**Information shown**
*** Begin section ***
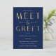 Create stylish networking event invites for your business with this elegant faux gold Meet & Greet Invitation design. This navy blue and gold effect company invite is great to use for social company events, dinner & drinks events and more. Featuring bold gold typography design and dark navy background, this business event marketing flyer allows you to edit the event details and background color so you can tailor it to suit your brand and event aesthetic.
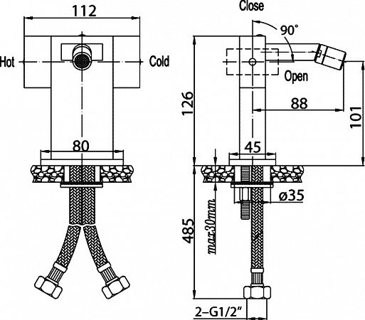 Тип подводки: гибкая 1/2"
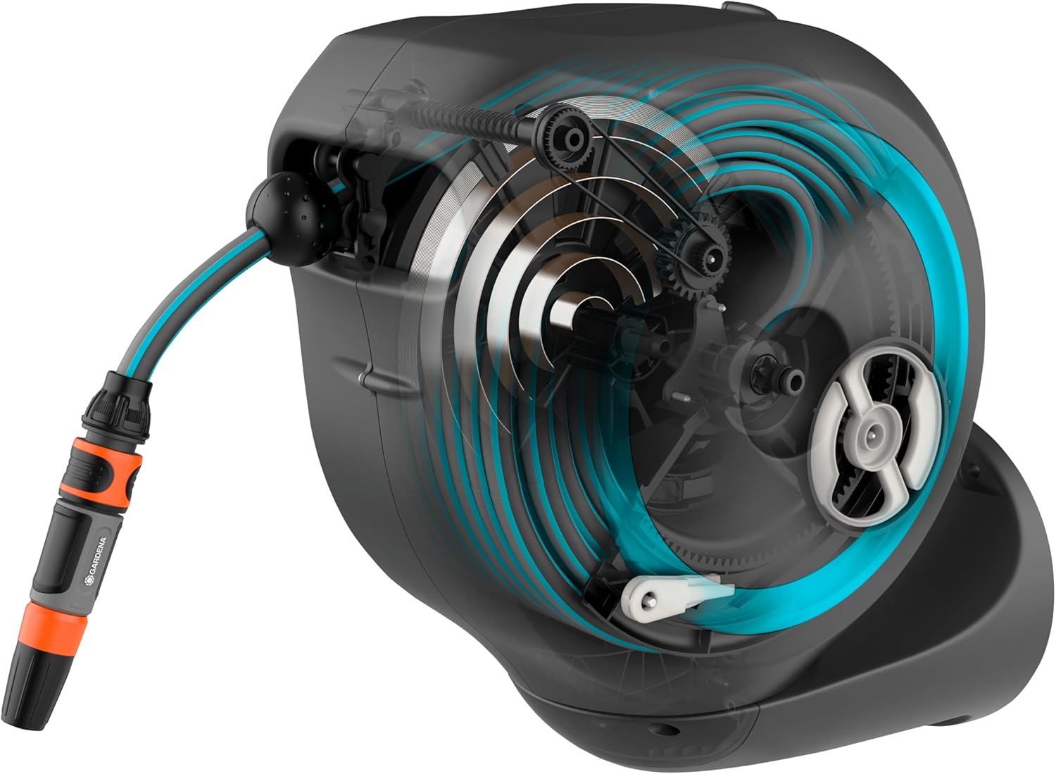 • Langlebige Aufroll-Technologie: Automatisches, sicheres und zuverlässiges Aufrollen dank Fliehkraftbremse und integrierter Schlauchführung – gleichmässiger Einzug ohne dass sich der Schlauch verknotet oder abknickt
*** End section ***
**Directions**
Write every line above again exactly, but leave the pictures out.

**Solution to this problem**
 Create stylish networking event invites for your business with this elegant faux gold Meet & Greet Invitation design. This navy blue and gold effect company invite is great to use for social company events, dinner & drinks events and more. Featuring bold gold typography design and dark navy background, this business event marketing flyer allows you to edit the event details and background color so you can tailor it to suit your brand and event aesthetic.
 Тип подводки: гибкая 1/2"
 • Langlebige Aufroll-Technologie: Automatisches, sicheres und zuverlässiges Aufrollen dank Fliehkraftbremse und integrierter Schlauchführung – gleichmässiger Einzug ohne dass sich der Schlauch verknotet oder abknickt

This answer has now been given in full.